O Casa Pia impôs esta segunda-feira, no fecho da 20.ª jornada, o primeiro desaire ao FC Porto na Liga, uma derrota por 2-1, em Rio Maior, onde a equipa da “casa” conseguiu marcar duas vezes nas duas únicas situações da primeira parte e mostrou, depois, a capacidade de resistir mesmo sofrendo um golo no regresso das cabinas.
Com este resultado, o FC Porto vê a vantagem para o Sporting reduzida a quatro pontos (nove para o Benfica) antes do clássico do Dragão com os bicampeões nacionais, aumentando a tensão e temperatura de um duelo que pode relançar as contas do campeonato.
Mas como aconteceu este deslize? No primeiro ataque, o Casa Pia marcou, surpreendendo o líder do campeonato, que já não sofria qualquer golo na Liga desde 15 de Dezembro, quando venceu (3-1) o Estrela da Amadora.
Durante os 12 minutos iniciais, o FC Porto submetera o adversário a uma pressão permanente, por vezes sufocante… Prenúncio de um golo que só não surgiu porque o ataque, em especial Borja Sainz e Samu, revelou total inabilidade para consumar esse domínio, desperdiçando um bom par de ocasiões, com escorregadelas à mistura na hora encarar a baliza.
Depois do golo, o Casa Pia voltou à forma inicial, submetendo-se ao jugo portista, embora sem passar por momentos de especial apuro. Pelo menos até aos 35 minutos, depois de os “locais” terem conseguido desdobrar o 5x4x1 em 3x4x3 para testar a famosa organização defensiva portista.
Na resposta, Gabri Veiga surgiu na meia-lua a obrigar Patrick Sequeira à primeira grande intervenção. O jogo caminhava para o intervalo com um falso alarme disparado por Borja Sainz, que teve um golo (bem) invalidado, por posição irregular.
Mas a primeira parte reservara mais um momento de choque para os portistas, mesmo em cima dos 45 minutos. Na sequência de um livre, Thiago Silva marcou na própria baliza, accionando os alarmes no reino do Dragão.
Em resumo, o FC Porto assumiu a despesa, investiu no ataque, mas foi traído em dois momentos que ninguém previra, sofrendo tantos golos em 45 minutos, frente ao antepenúltimo, como nos dez jogos anteriores realizados na condição de visitante.

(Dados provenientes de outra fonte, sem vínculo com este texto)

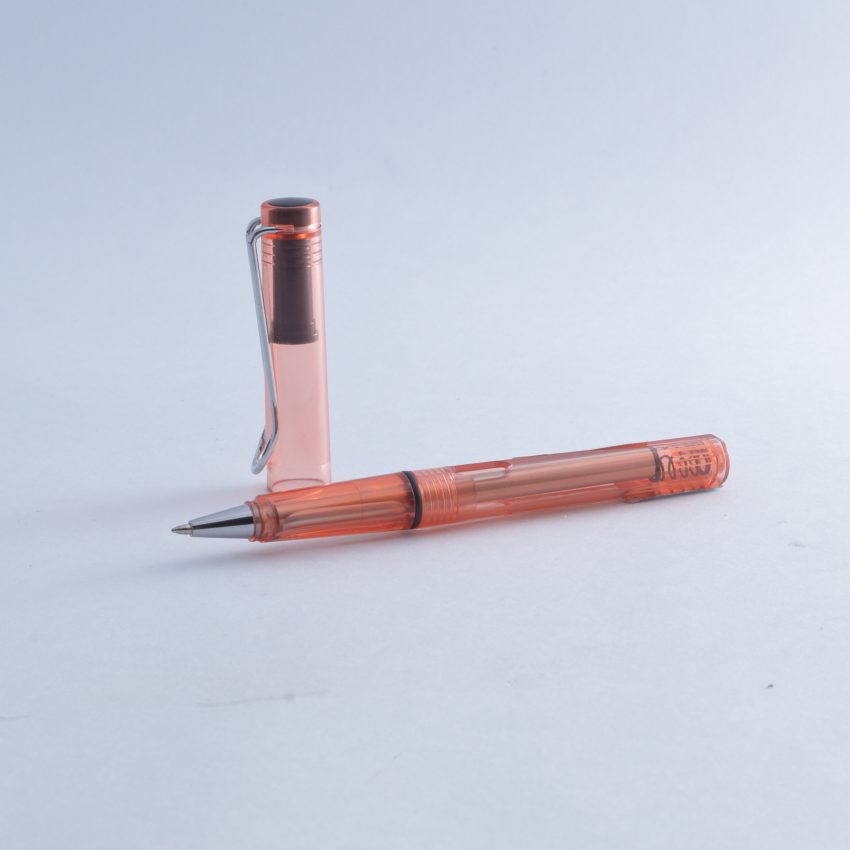 BOLIGRAFO DE TAPA IMITACION LAMY, CUERPO TRANSLUCIDO, TINTA HUEDA COLOR NEGRO.

Para o Casa Pia, que neste cenário era promovido a 15.º da tabela, deixando a zona de play-off de despromoção, uma vantagem de dois golos dava esperança num desfecho positivo, mas não era ainda segura. O ainda fresco empate com o “lanterna vermelha” AFS, depois de estar a a vencer por 3-0, era suficiente para lembrar que a primeira vitória caseira da época na Liga não estava garantida.
Até porque pela frente estava o líder isolado da prova, que regressou das cabinas decidido a rectificar os erros da primeira parte. Pablo Rosario, que já tinha estado em destaque no início do jogo, assumiu a batuta e reduziu na primeira investida, antes de o cronómetro marcar um minuto.
Um golo com a participação directa de Alberto Costa, chamado a render Martim Fernandes no segundo período. Estava dado o tom e Thiago Silva ameaçou marcar na segunda vaga, falhando por pouco a redenção.
O FC Porto continuou a forçar, mas Patrick negou o segundo a Gabri Veiga. Farioli chamava Froholdt e William Gomes antes de arriscar tudo com Pietuszewski e Deniz Gül, que testou os reflexos de Patrick, com o guarda-redes a garantir a vantagem.
A expulsão de William Gomes, por conduta violenta, complicava a missão portista, mas não aliviava o garrote do Casa Pia, que se agarrava com todas as forças a um resultado inédito em casa.
Até final, até foi o Casa Pia a ficar mais perto do 3-1, com um par de ocasiões desperdiçadas frente a um FC Porto desesperadamente em busca do empate que não conseguiu.